> _TASK DIRECTIONS_: Skip all pictures. Set down only the lines starting at the line containing "L’appartement situé au" and running to the end of the listing.

> _DATASET EXCERPT_:
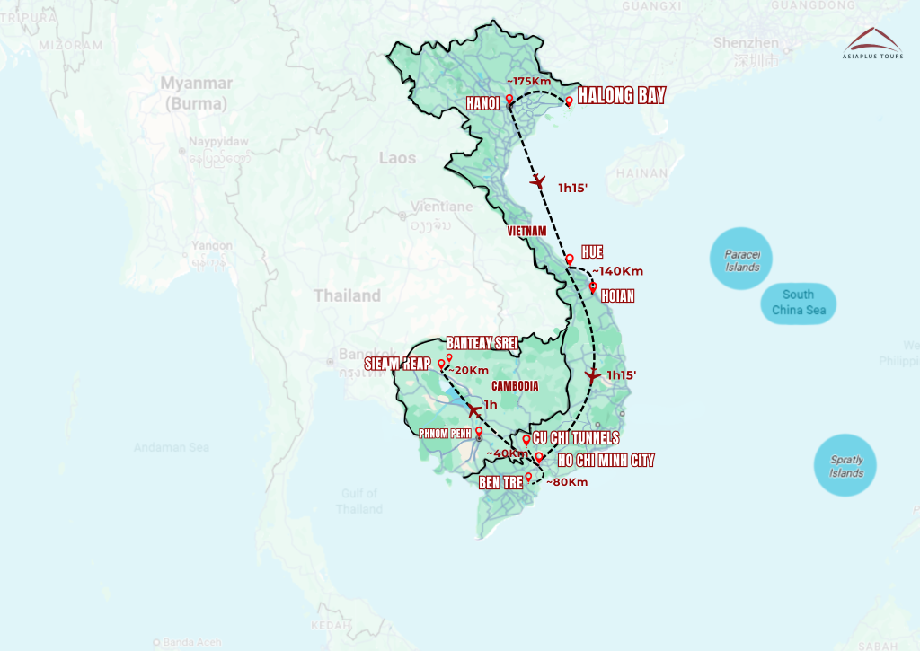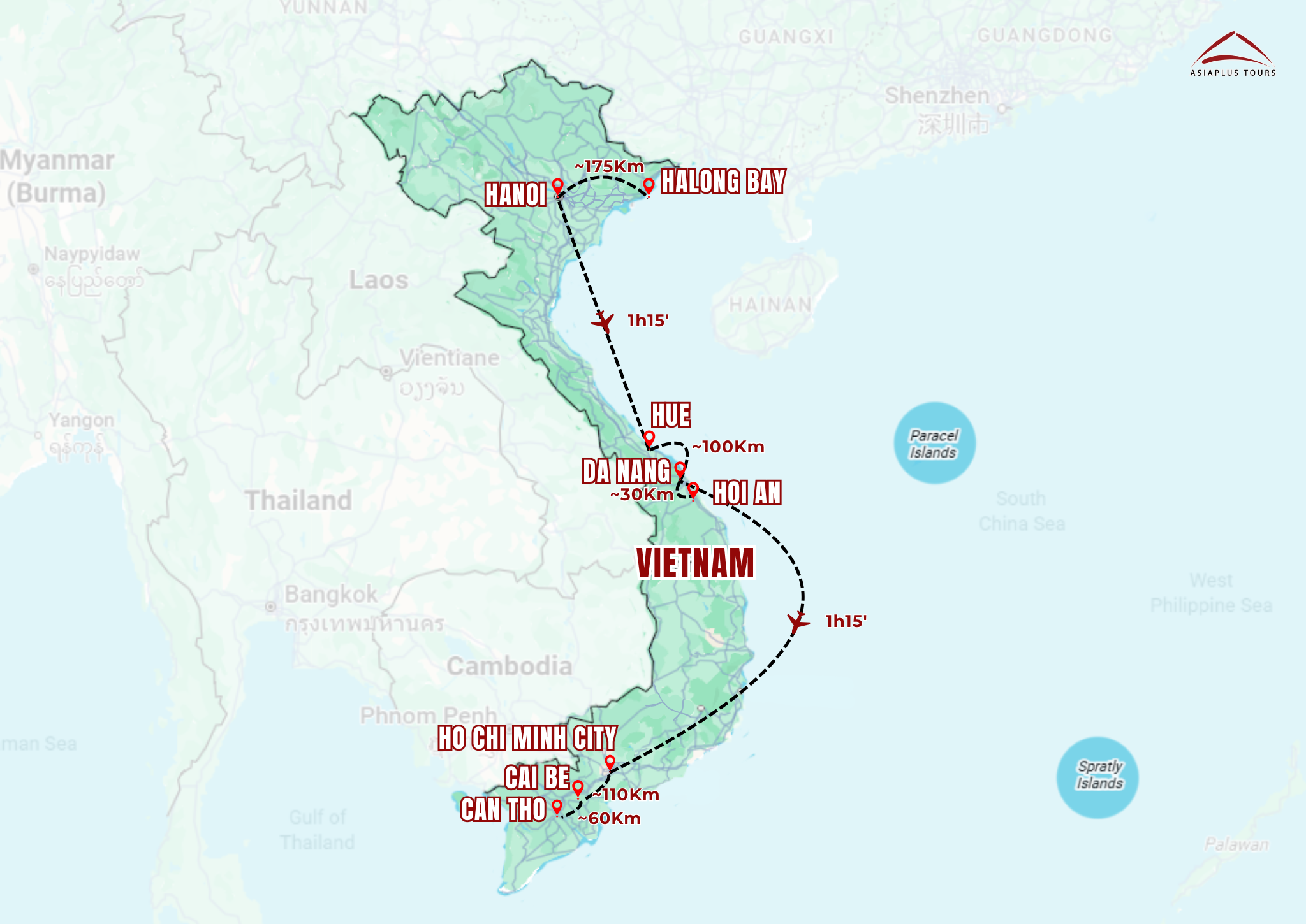 This easily-paced tour is suitable for first time travelers to Vietnam by including major actractions, from the hustle and charming capital city Hanoi to magnifient Halong Bay, then southward to pretty Hue, quaint Hoi an, cosmopolitan Ho Chi Minh city, fascinating floating market in Mekong delta…..It is also well balanced of natural beauty vs cultural and historical sites, popular places versus less visited areas. This tour can also be used as a base trip with extension to northwest of Vietnam to see the koleidescope of hill tribes living in the spectacular mountainous region or to the world wonder Angkor Wat, Cambodia.
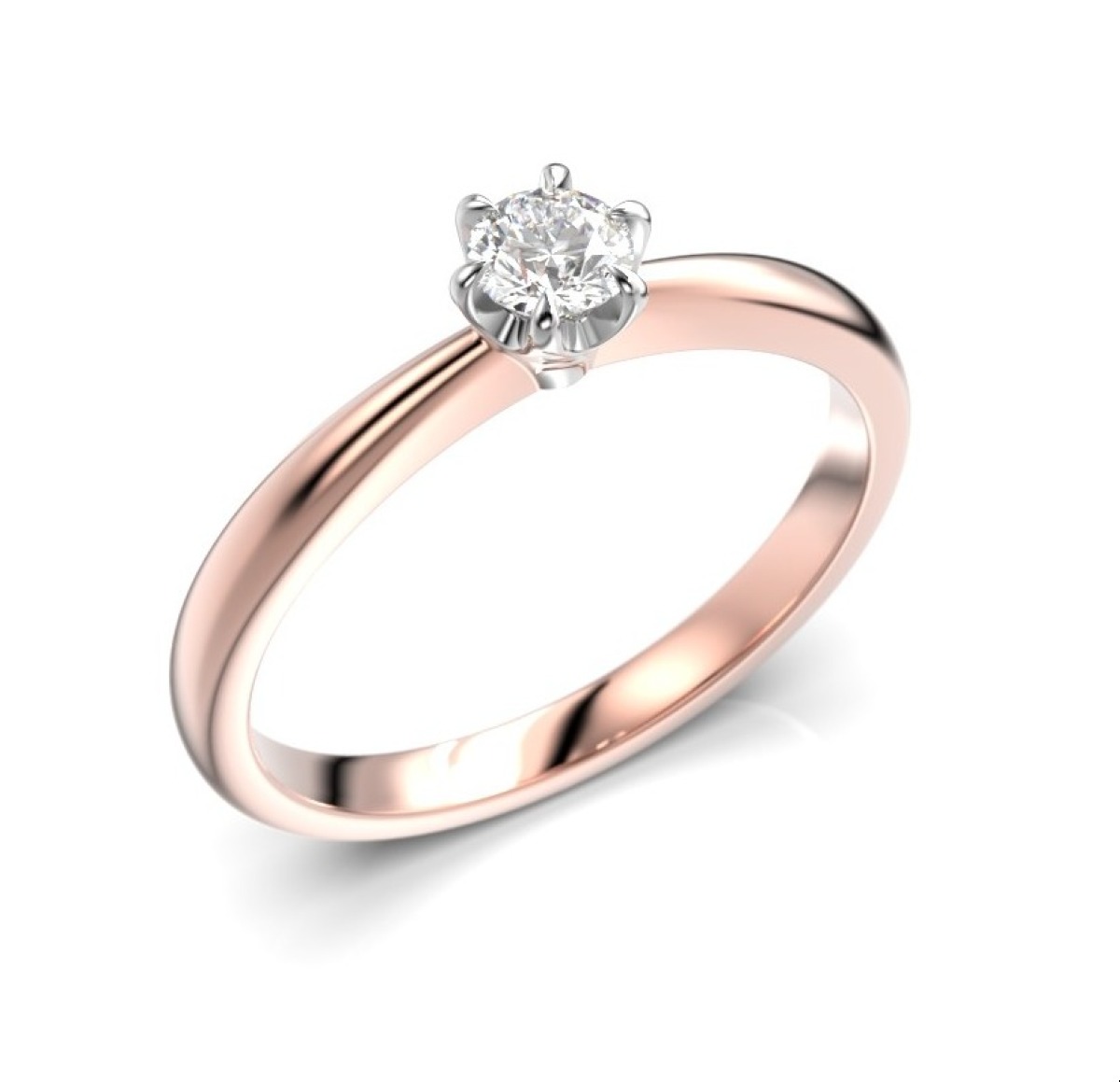 A solitaire diamond ring is one of the most classic and most sought after wedding and engagement ring types. Festive Classic 23 diamond ring 0,20 ct with prong setting rose and white gold 686-020-PV is made of 14 karat or 18 karat rose gold depending on your preferences, and is adorned with a 0,20 ct diamond. The prongs are made of white gold enhancing the clear look of the diamond. The shank tapers towards the stone finalizing the classic look of this solitaire ring.
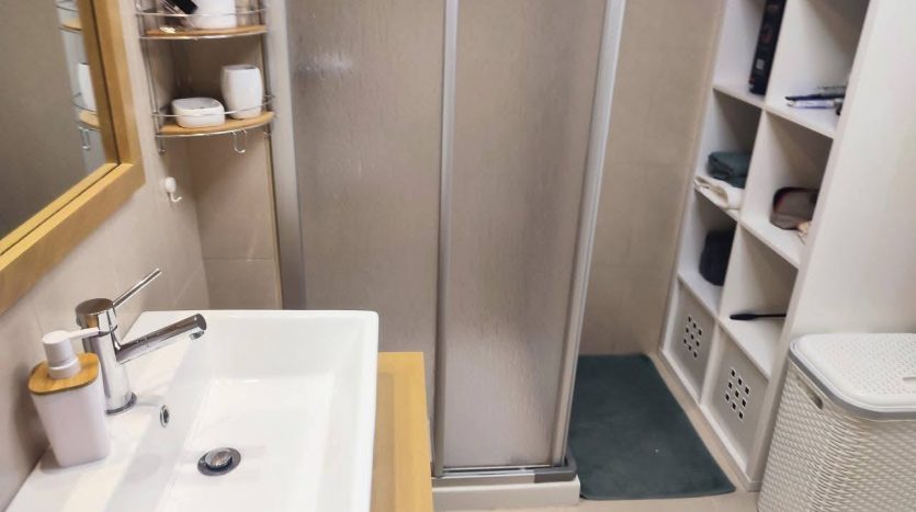 L’appartement situé au première étage, propose un salon & salle à manger avec une cuisine équipée ouverte sur le salon, deux chambres, une salle de bains.
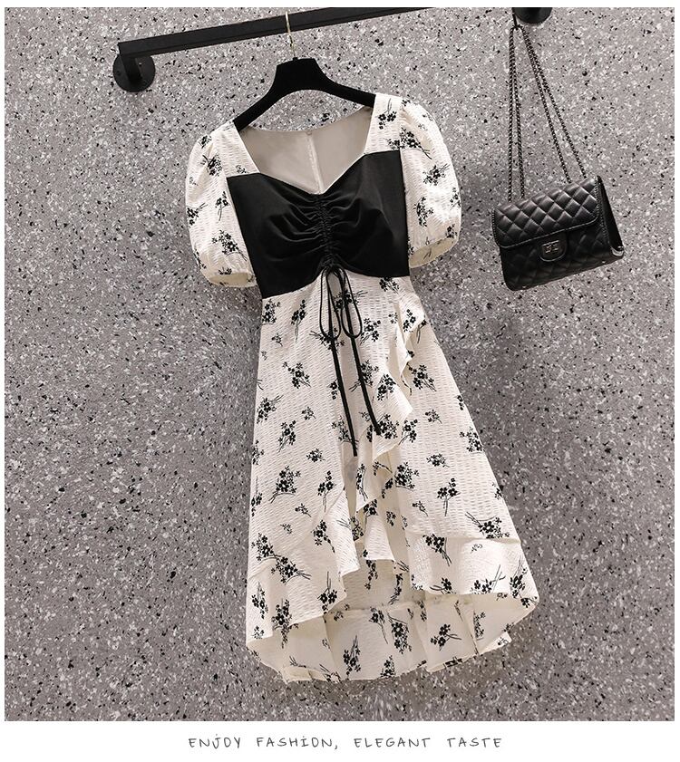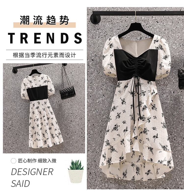 大きいサイズの婦人服 2022 夏の新しいファットシスターデザインセンスファッションステッチフェイクツーピースウエスト痩身ドレス 大きめサイズ サマー 夏物 8884155096075583

> _EXERCISE RESPONSE_:
 L’appartement situé au première étage, propose un salon & salle à manger avec une cuisine équipée ouverte sur le salon, deux chambres, une salle de bains.
 大きいサイズの婦人服 2022 夏の新しいファットシスターデザインセンスファッションステッチフェイクツーピースウエスト痩身ドレス 大きめサイズ サマー 夏物 8884155096075583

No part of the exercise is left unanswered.